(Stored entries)
------------------------------------------------------------------------

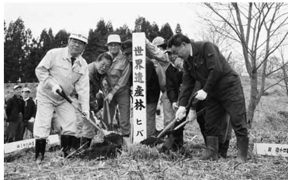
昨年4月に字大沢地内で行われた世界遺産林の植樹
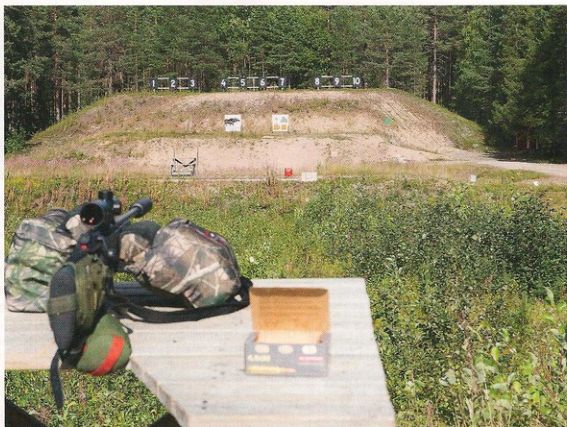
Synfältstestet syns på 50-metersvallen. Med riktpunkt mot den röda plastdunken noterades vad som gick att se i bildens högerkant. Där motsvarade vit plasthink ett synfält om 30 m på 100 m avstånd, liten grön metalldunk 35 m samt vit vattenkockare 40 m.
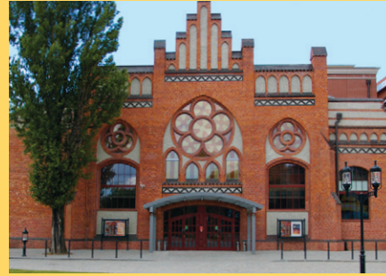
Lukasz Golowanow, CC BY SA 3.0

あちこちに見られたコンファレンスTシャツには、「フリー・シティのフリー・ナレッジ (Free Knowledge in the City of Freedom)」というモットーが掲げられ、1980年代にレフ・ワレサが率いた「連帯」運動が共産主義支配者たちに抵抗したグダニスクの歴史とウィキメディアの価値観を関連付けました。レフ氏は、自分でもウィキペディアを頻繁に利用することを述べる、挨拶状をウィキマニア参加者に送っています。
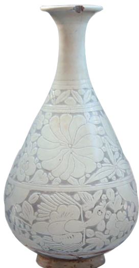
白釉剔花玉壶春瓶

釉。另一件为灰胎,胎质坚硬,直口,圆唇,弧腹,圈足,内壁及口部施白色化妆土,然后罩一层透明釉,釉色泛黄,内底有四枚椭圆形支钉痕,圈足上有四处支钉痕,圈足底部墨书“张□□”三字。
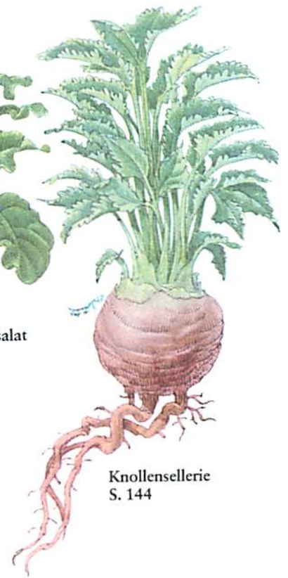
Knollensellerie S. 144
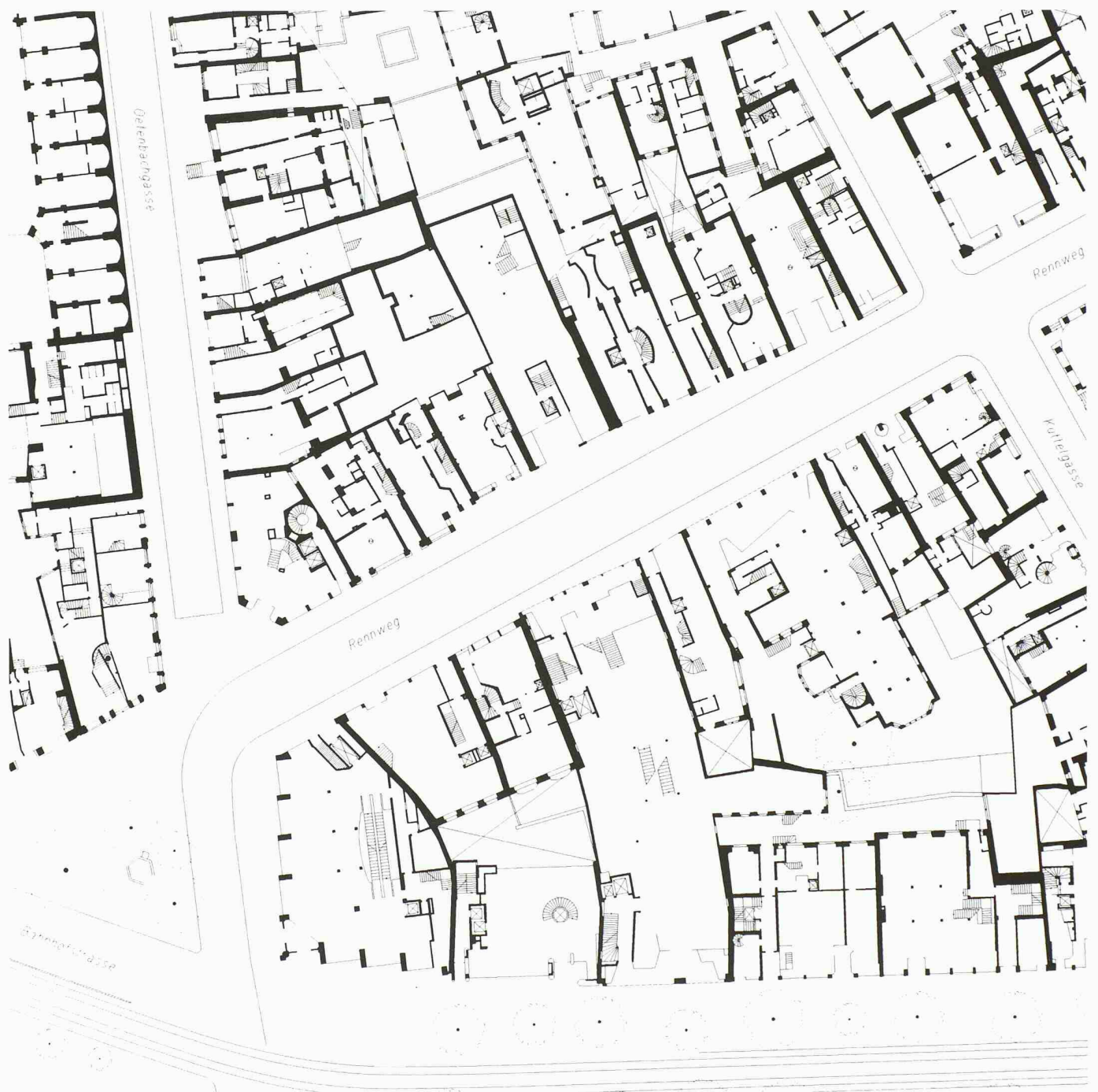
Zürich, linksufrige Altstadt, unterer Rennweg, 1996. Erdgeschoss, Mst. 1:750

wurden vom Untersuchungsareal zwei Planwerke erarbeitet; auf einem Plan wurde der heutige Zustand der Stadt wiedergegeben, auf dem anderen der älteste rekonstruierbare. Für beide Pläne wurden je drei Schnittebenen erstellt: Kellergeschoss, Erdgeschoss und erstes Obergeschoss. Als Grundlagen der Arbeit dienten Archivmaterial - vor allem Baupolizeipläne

------------------------------------------------------------------------

▶ _INSTRUCTIONS FOR THE TASK_
An exact repeat of all the data is required, pictures excluded.

▶ _TASK ANSWER_
昨年4月に字大沢地内で行われた世界遺産林の植樹
Synfältstestet syns på 50-metersvallen. Med riktpunkt mot den röda plastdunken noterades vad som gick att se i bildens högerkant. Där motsvarade vit plasthink ett synfält om 30 m på 100 m avstånd, liten grön metalldunk 35 m samt vit vattenkockare 40 m.
Lukasz Golowanow, CC BY SA 3.0

あちこちに見られたコンファレンスTシャツには、「フリー・シティのフリー・ナレッジ (Free Knowledge in the City of Freedom)」というモットーが掲げられ、1980年代にレフ・ワレサが率いた「連帯」運動が共産主義支配者たちに抵抗したグダニスクの歴史とウィキメディアの価値観を関連付けました。レフ氏は、自分でもウィキペディアを頻繁に利用することを述べる、挨拶状をウィキマニア参加者に送っています。
白釉剔花玉壶春瓶

釉。另一件为灰胎,胎质坚硬,直口,圆唇,弧腹,圈足,内壁及口部施白色化妆土,然后罩一层透明釉,釉色泛黄,内底有四枚椭圆形支钉痕,圈足上有四处支钉痕,圈足底部墨书“张□□”三字。
Knollensellerie S. 144
Zürich, linksufrige Altstadt, unterer Rennweg, 1996. Erdgeschoss, Mst. 1:750

wurden vom Untersuchungsareal zwei Planwerke erarbeitet; auf einem Plan wurde der heutige Zustand der Stadt wiedergegeben, auf dem anderen der älteste rekonstruierbare. Für beide Pläne wurden je drei Schnittebenen erstellt: Kellergeschoss, Erdgeschoss und erstes Obergeschoss. Als Grundlagen der Arbeit dienten Archivmaterial - vor allem Baupolizeipläne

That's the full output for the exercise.